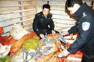 11月7日,太康县公安局五里口派出所民警接到群众举报,称该乡村民李某家中藏有毒鸟用的“药品”及大量被毒死的鸟。派出所所长查连廷立即带领几位民警赶到李某家将其控制住,并当场搜出斑鸠、麻雀、野鸡、喜鹊等1172只鸟类尸体及毒鸟用的“药品”5.5公斤。接着,民警又在该乡一座冷库内,查获李某藏匿于此的斑鸠、麻雀、野鸡等鸟类尸体21081只。
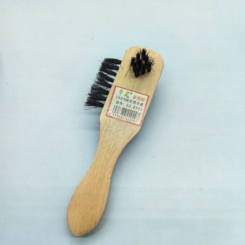 나무 손잡이 구두 광택제 브러시 3 면 나무 신발 신발 브러시 3 사용 나무 손잡이 신발 광택 멀티 사용 가죽 신발 일상 용품
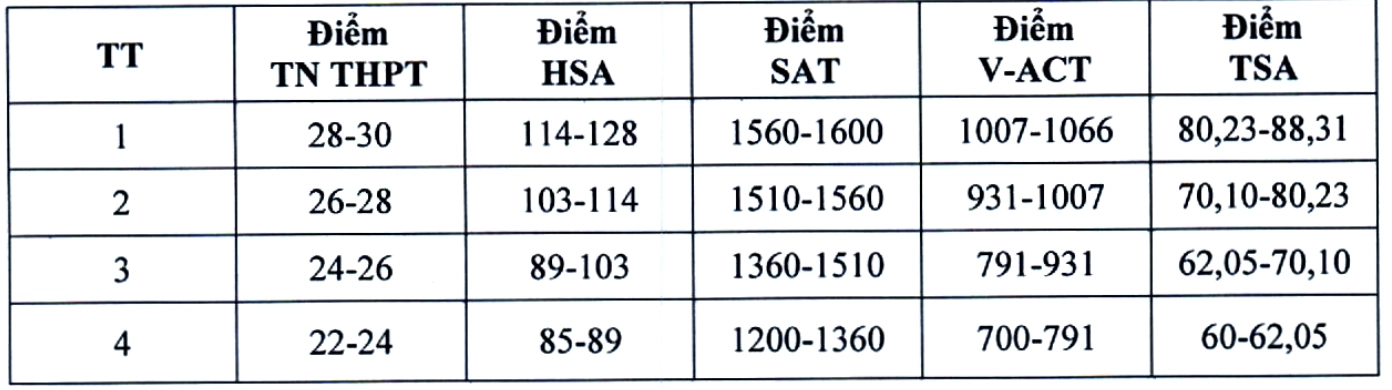 Bên cạnh đó, Đại học Kinh tế Quốc dân cũng thông báo bảng quy đổi tương đương điểm chuẩn giữa các phương thức. Điểm tuyệt đối theo điểm thi tốt nghiệp THPT bằng 128/150 điểm đánh giá năng lực (HSA) và 88,31 điểm đánh giá tư duy (TSA). Cụ thể như sau:

→ TASK TO COMPLETE: Output each line of the listing above, word for word, from the one holding "나무 손잡이 구두 광택제" through the last line, both included; omit the pictures.

→ SOLUTION TO THIS EXERCISE:
 나무 손잡이 구두 광택제 브러시 3 면 나무 신발 신발 브러시 3 사용 나무 손잡이 신발 광택 멀티 사용 가죽 신발 일상 용품
 Bên cạnh đó, Đại học Kinh tế Quốc dân cũng thông báo bảng quy đổi tương đương điểm chuẩn giữa các phương thức. Điểm tuyệt đối theo điểm thi tốt nghiệp THPT bằng 128/150 điểm đánh giá năng lực (HSA) và 88,31 điểm đánh giá tư duy (TSA). Cụ thể như sau:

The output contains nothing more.